Desde muito cedo o tênis já me movia, e nada mudou até hoje! Nos tempos de escola, as aulas de educação física eram ansiosamente aguardadas. Era claro em mim que o esporte pulsava mais que as atividades intelectuais. Estudava para cumprir o mínimo que era exigido pelos professores, passar de ano não era um grande problema. 

A música era algo relevante naquele momento, quando, com alguns amigos, arrisquei-me em um conjunto musical de nome bastante peculiar para a época: Os Pulguentos. Aos 17 anos deparei-me com a possibilidade de escolher entre ir aos EUA ou ficar no Brasil, colocando, assim, fim à minha trajetória na banda. O momento musical da época apontava para um rumo ao qual não me atraía, tanto pelo estilo “pesado” das bandas, e mais pelo ambiente propício ao uso de drogas, algo que eu tinha pavor.

Curioso que, anos mais tarde, já no circuito profissional, encontrei outros jogadores e colegas que sabiam tocar instrumentos, o que rendeu algumas apresentações em festas de torneios, algo que foi muito divertido de fazer entre amigos.

No ano de 1961 foi quando comecei a sonhar com o tênis. Lembro da arquibancada da quadra coberta do Pacaembu, onde mais parecia a quadra central de Wimbledon, que assisti a um evento exibição com 4 grandes jogadores internacionais do momento.

Já identificado com o que amava fazer, o vice-campeonato brasileiro em meu primeiro torneio da Confederação Brasileira de Tênis, na cidade Piracicaba, em 1962, projetou-me ao cenário do esporte e passei a ser respeitado e mais reconhecido no meio. 

Tudo acontecia de uma maneira muito especial e, nos Jogos Panamericanos de 1963, no Esporte Clube Pinheiros, assisti aos jogos inesquecíveis de Maria Esther Bueno e Ronald Barnes, naquele seu belo gesto ao erguer o seu troféu.

Cada dia mais envolvido com o tênis, o primeiro tão sonhado torneio fora do Brasil aconteceu no Paraguai, em meados de 65, quando tive minha primeira experiência com outros jogadores estrangeiros. 

Em 1969, numa das vindas ao Brasil para passar férias, atuei como juiz de linha nos jogos da Copa Davis, nas quadras do Esporte Clube Pinheiros, entre Brasil x Canadá e Brasil x Espanha, ambos os duelos vencidos pelo Brasil, sem qualquer “ajuda” em nosso favor.

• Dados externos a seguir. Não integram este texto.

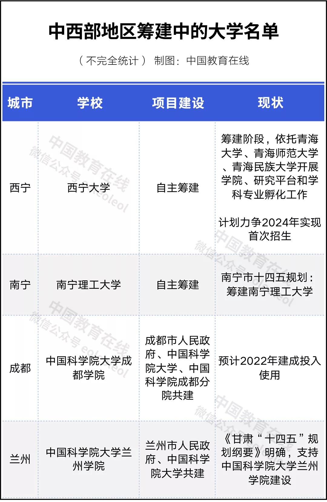 整体来看,中西部新建高校布局相对有限,甘肃省“十四五”规划纲要,明确提出了支持中国科学院大学兰州学院建设,这是中国科学院大学继广州学院、成都学院之后,筹建的又一所高校。
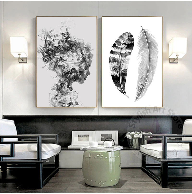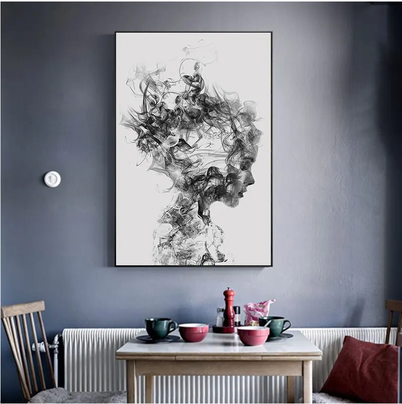 Плакаты на холсте с изображением женщины, черного, белого, серого дыма

A minha oportunidade de integrar a equipe do Brasil na Copa Davis, pela primeira vez, veio em 1971, quando fui convocado como reserva da equipe, que era composta também por Thomas Koch, Mandarinno e Luis Felipe Tavares. 

Permaneci defendendo as cores do Brasil na Davis até 1987 e, até os 37 anos de idade, joguei como tenista profissional. O ingrediente principal da minha carreira como profissional foi sempre a alegria no coração ao jogar tênis.